Citation: 2005 FC 665

BETWEEN:

                                                          DWIGHT S. HUGGINS

                                                                                                                                            Applicant

                                                                           and

                                                 CANADA POST CORPORATION

                                                                                                                                        Respondent

                                                        REASONS FOR ORDER

HARRINGTON J.

[1]                Dwight Huggins is different from most of Canada Post's employees in Montreal. He is different to the eye and different to the ear. He is black and only speaks English.

[2]                In July 2001, he filed a complaint with the Canadian Human Rights Commission. He alleged that Canada Post had discriminated against him by failing to provide him with a workplace free from harassment on the grounds of race (black) and national or ethnic origin (English Canadian).


[3]                The last of the incidents in question took place in May 1998. The investigator who was appointed to check into the matter recommended that the Commission not deal with the allegations because they had taken place more than one year before the complaint was filed, and because Mr. Huggins had not provided evidence to support his contention that he was unable to file the complaint earlier.

[4]                The investigator's report was sent to both Mr. Huggins and to Canada Post. They were given the opportunity to comment thereon, and to comment on each other's comments.
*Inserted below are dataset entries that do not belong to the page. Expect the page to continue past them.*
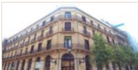
CENTRO. C/ Getaria. En edificio de reciente construcción. Impecable apartamento casi a estrenar. Ref.: C01896.
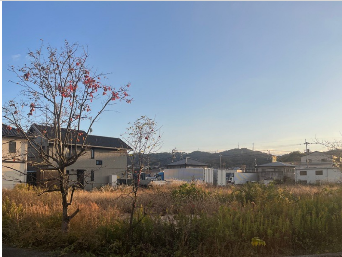
現況写真（北西から撮影）
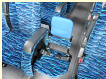
補助席にシートベルトを設置
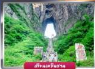
เทียนจินชาน
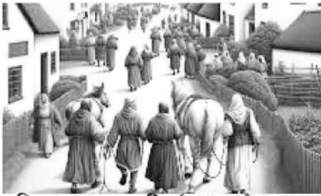
শিষ্যরা দেখলেন একটি গর্দভ-শাবক বাঁধা আছে।

তিনি বলেছিলেন, “তোমরা সামনের ঐ গ্রামটিতে যাও। সেখানে প্রবেশ করা মাত্র তোমরা দেখবে একটি গর্দভ-শাবক বাঁধা আছে, যার উপরে কেউ কখনও বসেনি। সেটিকে খুলে এখানে নিয়ে এসো” (মার্ক ১১:২)।

Both commented on the report, and Canada Post commented in turn upon Mr. Huggins' comments.

[5]                The Commission agreed with the investigator and decided not to deal with the allegations. This is the judicial review of that decision.

THE INVESTIGATOR'S REPORT

[6]         The basis of the investigator's report is section 41 of the Canadian Human Rights Act, 1985 R.S.C., c. H-6. The relevant portion of section 41(1) provides:

41. (1) ... the Commission shall deal with any complaint filed with it unless in respect of that complaint it appears to the Commission that

...

(e) the complaint is based on acts or omissions the last of which occurred more than one year, or such longer period of time as the Commission considers appropriate in the circumstances, before receipt of the complaint.

41. (1) [...] la Commission statue sur toute plainte dont elle est saisie à moins qu'elle estime celle-ci irrecevable pour un des motifs suivants_:

[...]

e) la plainte a été déposée après l'expiration d'un délai d'un an après le dernier des faits sur lesquels elle est fondée, ou de tout délai supérieur que la Commission estime indiqué dans les circonstances.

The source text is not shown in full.